Press Clips, Afternoon Edition, Day 1: An Exercise In Branding
And now, for something not-at-all different! I'm gonna start picking off some of my favorite media stories of the day, and throwing them in a new column with an old name: Press Clips. Maybe you've heard of it? I'm not nearly as attractive as the last guy, but I smile pretty. Anyway, we'll do this twice a day, once in the morning, once at night. We'll save the bigger stories for their own posts. Ready? Okay. Here we go:
NY Mag's Nepotism Lesson?: David Carr's NYT Media Equation column finds the action this week in New York Magazine's online strategy, especially taking note of the difference between their financial condition post-owner Bruce Wasserstein's death and Newsweek's current state, noting that NYM's future seems "assured." Which is what some might refer to as "tempting fate," even if he is right, and...he is. There's also a slightly buried (but great!) lesson on the value of media nepotism in there. On one hand, would Ben Wasserstein be "a well-regarded editor at the magazine before moving on to The New Republic and then into television production" without his old man's name? On the other: Would the Wasserstein family's decision to hold on to the magazine be as seemingly unilateral as it is without Ben? Who knows, but it's worth considering.
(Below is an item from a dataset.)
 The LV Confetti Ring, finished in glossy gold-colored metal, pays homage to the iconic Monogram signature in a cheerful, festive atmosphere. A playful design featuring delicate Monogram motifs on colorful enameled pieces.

Media Moves: Also in New York Magazine news, Daily Intel has brought Nitasha Tiku on their masthead, which makes up for the empty space articles editor Nick Catucci left when he went to Rolling Stone to run their anti-snarky online presence. Daily Intel has become a pretty necessary NYC online read by any reasonable standard -- Jessica Pressler is now a pro at distilling this city's insane banking culture into hysterical posts, while Chris Rovzar is still securing solid media scoops pretty regularly -- and it'll be fun to see another voice in the fray. NYM had another departure a few weeks before Catucci, but it wasn't broadcasted nearly as loudly. It should've been. Aileen Gallagher was long a quiet staple of New York's media scene, having worked for MediaBistro, Radar (2.0), the New York Post, the New York Press, and finally ending up at New York Magazine, where she did day-to-day on their food blog, Grub Street, for the last three years (or so), among other things. [Trivia point: she was also a founding editor of The Black Table, which was put together in 2003 by the likes of Deadspin's A.J. Daulerio and former Deadspin/current NYMer Will Leitch.] She's returned to her alma mater, Syracuse, to teach young people how to make media happen, and there probably aren't many people better equipped than her to do so.
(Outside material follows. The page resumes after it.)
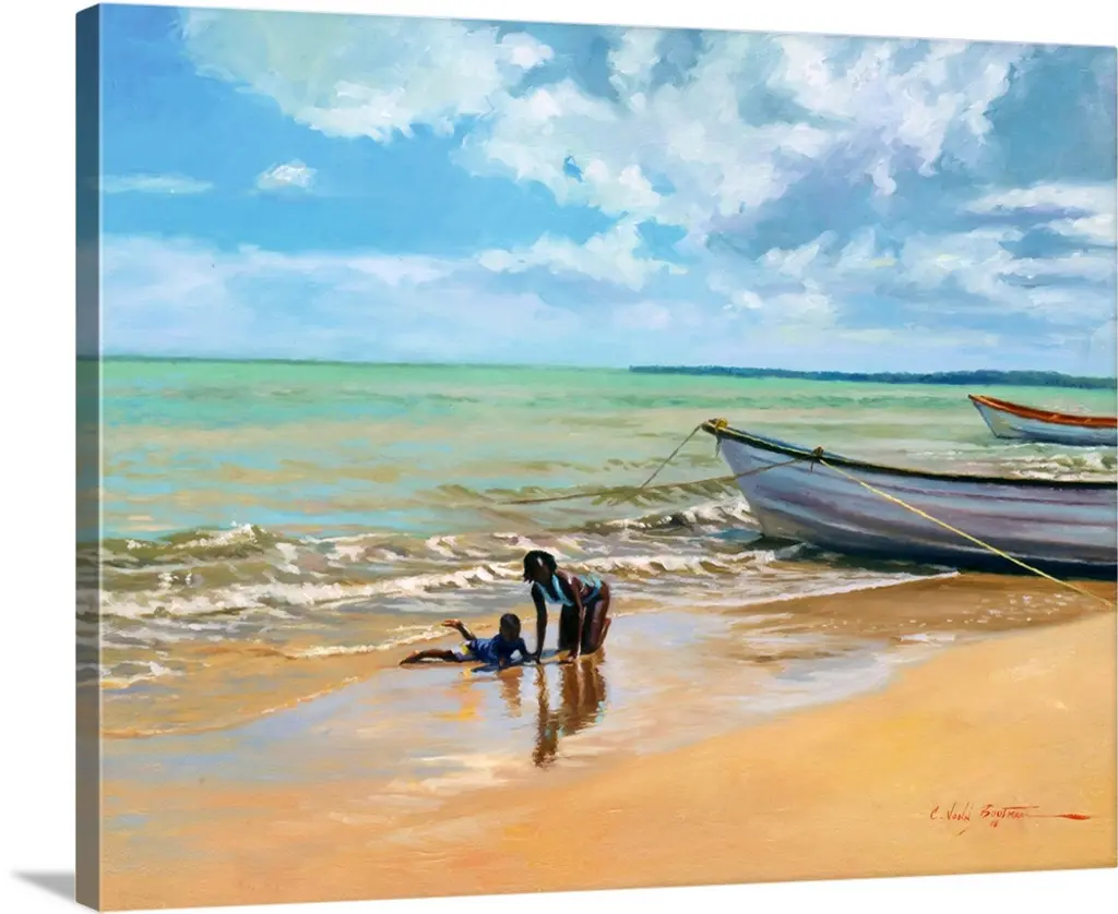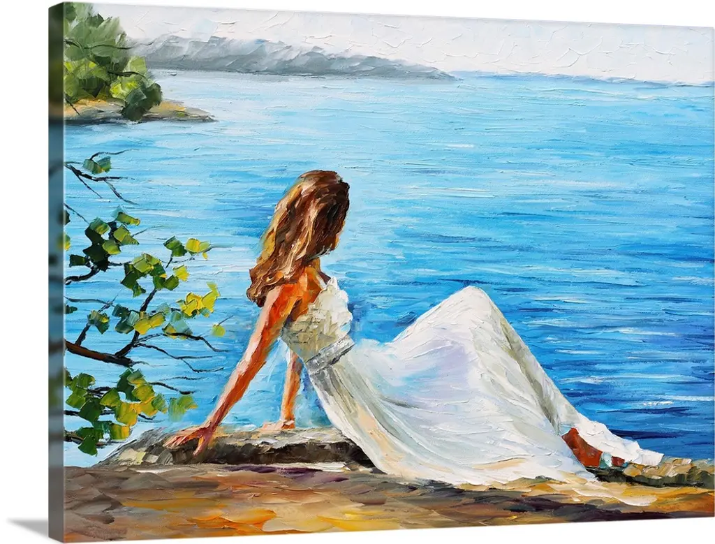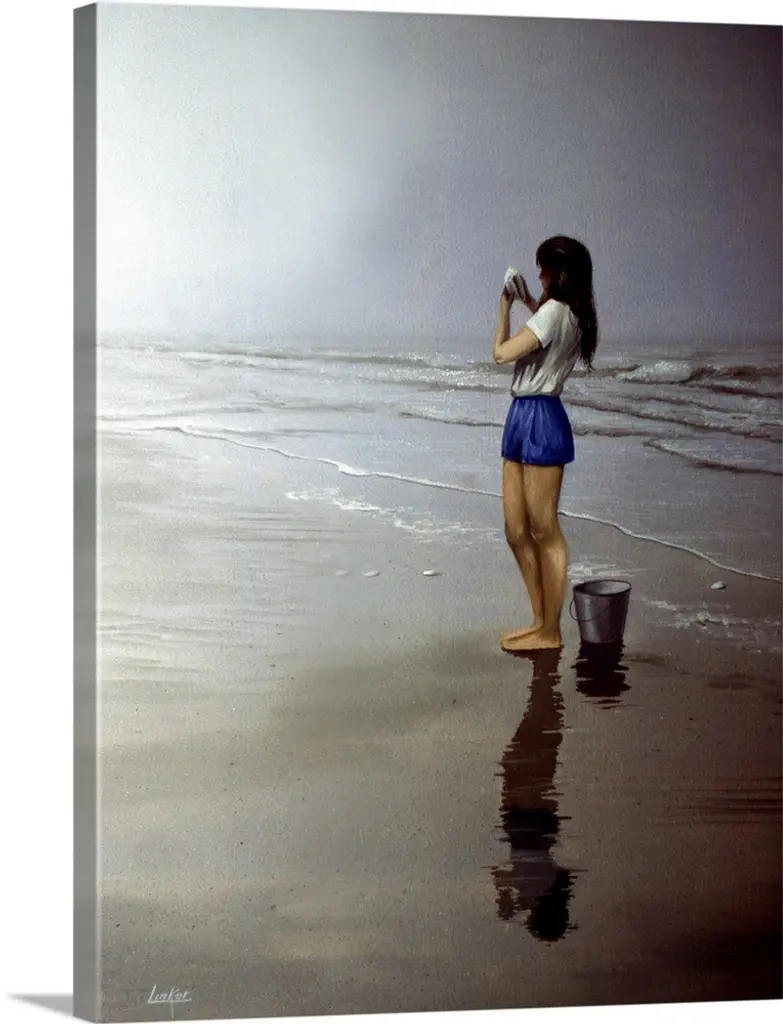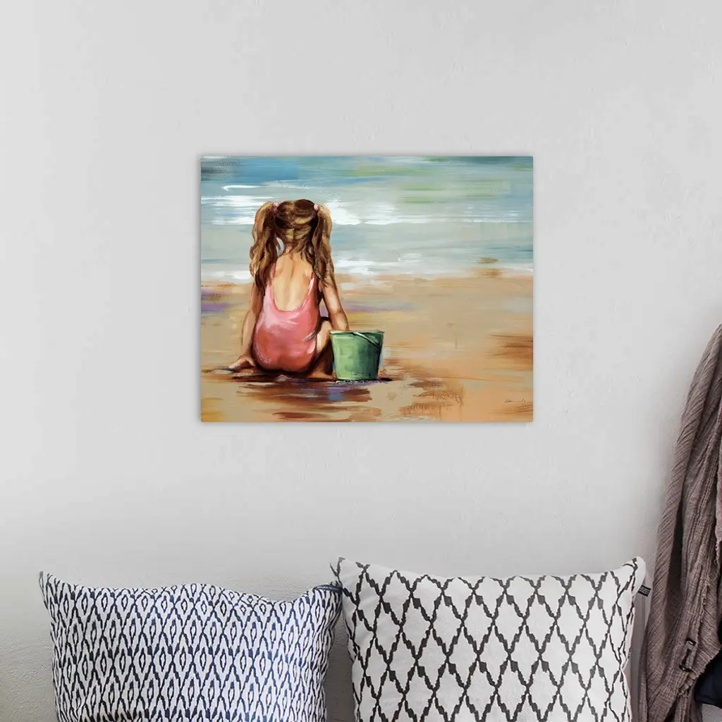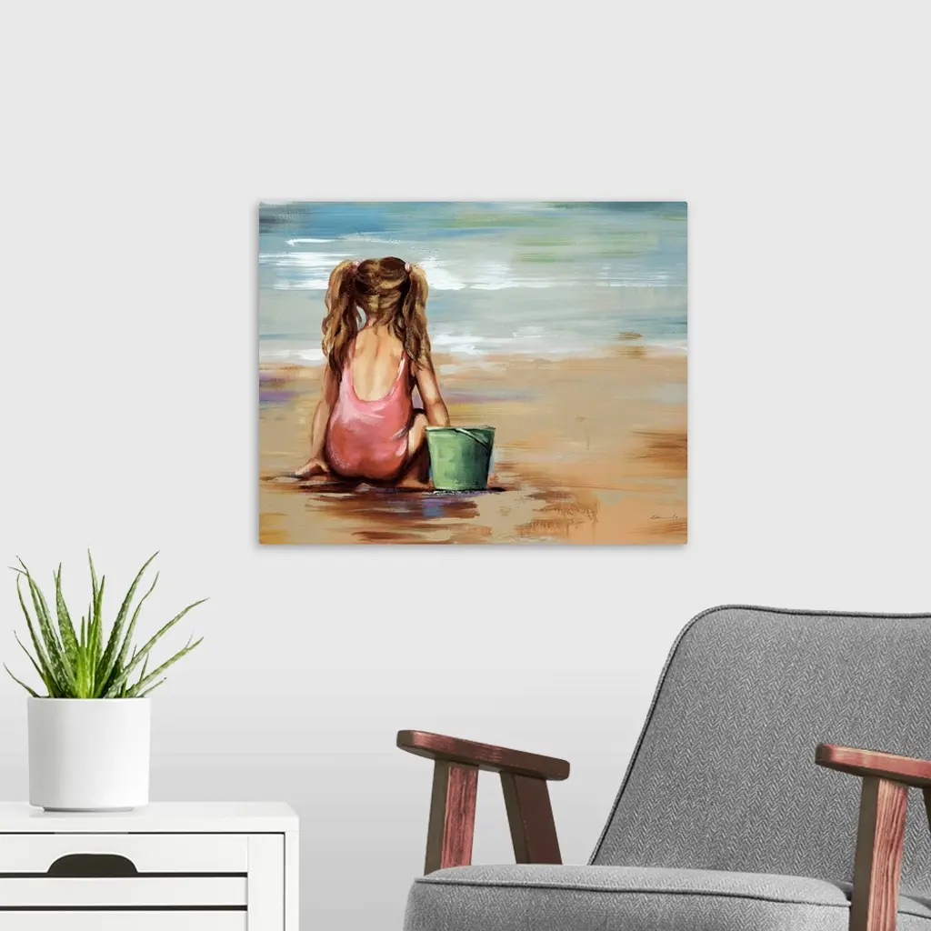 Large, landscape figurative painting of a girl sitting on the beach, facing the water, in her swimsuit with pigtails in her hair, and a green bucket sitting next to her.

OK?!: If you want to read another article about how print advertising sucks, or what the inner-workings of OK! Magazine are like, this week's Ad Age is for you. On the other hand, the Phoenix Suns' Steve Nash is getting involved with some kind of $20M consulting firm. If you thought the world had enough people "consulting," you were wrong. Then again, it's called "Consigliere," which is badass. Also, they have Steve Nash, who is badass. His media savvy has yet to be seen, but spendthrifts who employ consultancies (and there are many) might just employ them to meet Steve Nash. Not even kidding. Kinda kidding, but it wouldn't surprise anyone.
Ask A Ninja: Reuters is apparently hiring "news ninjas." Not that it's too difficult to go unseen and unheard in an organization that massive.
Take Your Damn Channel. Brian Stelter reported in the NYT on My Damn Channel -- which shows original web content teevee -- getting an investment of $4.4M. I don't know anyone who watches it. Apparently, lots of people do. Someone should do the numbers on where those people are and what else there is to do where they live.
MSNBCopycats: Hamilton Nolan totally busted MSNBC ripping off a New York Times story, but not a huge one, or anything, which probably means the scorned/copied NYT writer (Andrew Adam Newman) emailed him to let him know. Scorned Big Media Writers, on behalf of media bloggers, please keep doing our jobs for us and sending us tips. It makes things easy and we like to know who's angry.